Exhibit 4.5
Execution Version
REGISTRATION RIGHTS AGREEMENT
This REGISTRATION RIGHTS AGREEMENT dated August 13, 2021 (this “Agreement”) is entered into by and among T-Mobile USA, Inc., a Delaware corporation (the “Issuer”), T-Mobile US, Inc., a Delaware corporation (“Parent”), the subsidiaries of the Issuer party hereto (the “Subsidiary Guarantors” and, together with Parent, the “Initial Guarantors”) and Citigroup Global Markets Inc., Deutsche Bank Securities Inc. and J.P. Morgan Securities LLC for themselves and as representatives (the “Representatives”) of the several initial purchasers listed on Schedule 1 of the Purchase Agreement (as defined below) (the “Initial Purchasers”).
The Issuer, the Initial Guarantors and the Representatives are parties to that certain Purchase Agreement, dated August 10, 2021 (the “Purchase Agreement”), which provides for the sale by the Issuer to the Initial Purchasers of $700,000,000 aggregate principal amount of 3.600% Senior Secured Notes due 2060 (the “New 2060 Notes”) and $1,300,000,000 aggregate principal amount of 3.400% Senior Secured Notes due 2052 (the “2052 Notes” and, together with the New 2060 Notes, the “Notes”). The Issuer previously issued $1,000,000,000 aggregate principal amount of its 3.600% Senior Secured Notes due 2060 (the “Existing 2060 Notes” and collectively with the New 2060 Notes, the “2060 Notes”) and the New 2060 Notes constitute an offering of “Additional Notes” (as such term is defined in the Base Indenture (as defined below) and the Seventeenth Supplemental Indenture (as defined below)).
The Notes will be issued under that certain Indenture dated as of April 9, 2020 (the “Base Indenture”), among the Issuer, Parent and Deutsche Bank Trust Company Americas, as trustee (the “Trustee”), as supplemented with respect to the Issuer’s (a) 2060 Notes by the Seventeenth Supplemental Indenture, dated as of October 28, 2020 (the “Seventeenth Supplemental Indenture”), and the Twentieth Supplemental Indenture, dated as of the date hereof (the “Twentieth Supplemental Indenture”) and (b) 2052 Notes by the Nineteenth Supplemental Indenture, dated as of the date hereof (the “Nineteenth Supplemental Indenture” and, together with the Seventeenth Supplemental Indenture and the Twentieth Supplemental Indenture, the “Supplemental Indentures”) in each case among the Issuer, the Initial Guarantors and the Trustee (the Base Indenture, together with the Supplemental Indentures, the “Indenture”). The Initial Guarantors will, jointly and severally, fully and unconditionally guarantee on a senior secured basis (other than Sprint Corporation, a Delaware corporation, Sprint Communications, Inc. and Sprint Capital Corporation, which will guarantee on a senior unsecured basis) the obligations of the Issuer, including the due and punctual payment of interest on the Notes (the “Notes Guarantees”). The term “Securities” shall mean the Notes and the Notes Guarantees.
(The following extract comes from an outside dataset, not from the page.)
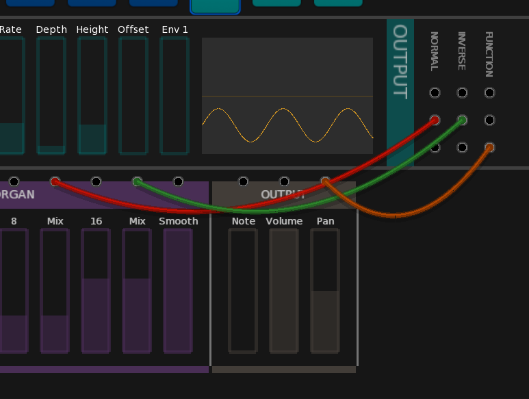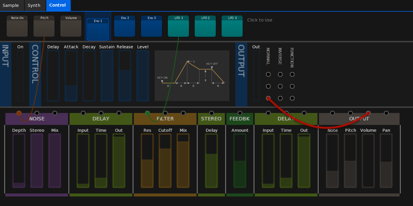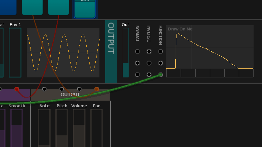 This shows the extended output section plus fully operational Envelope1 section. Notice that wires connecting hidden controls are also now shown (thinner) so you know what is going on. The only thing missing is the function part…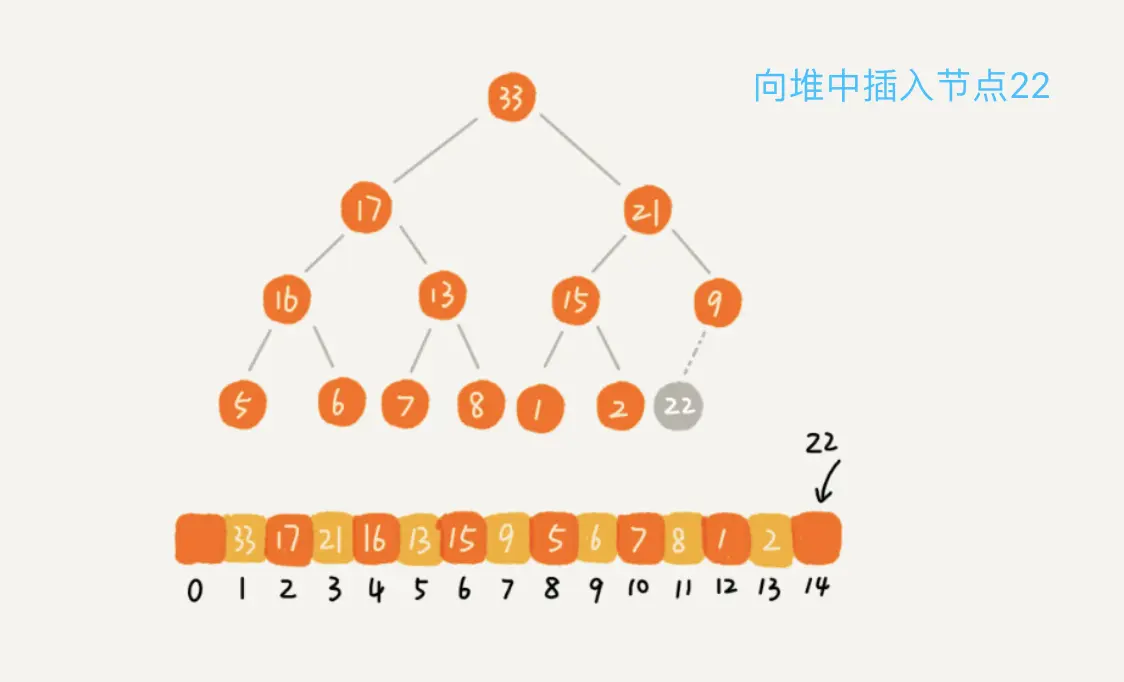 插入完全二叉树中,也就是插入到数组的最后一个位置。

As an inducement to the Initial Purchasers to enter into the Purchase Agreement, the Issuer and the Initial Guarantors have agreed to provide to the Initial Purchasers and their direct and indirect transferees the registration rights set forth in this Agreement. The execution and delivery of this Agreement is a condition to the closing under the Purchase Agreement.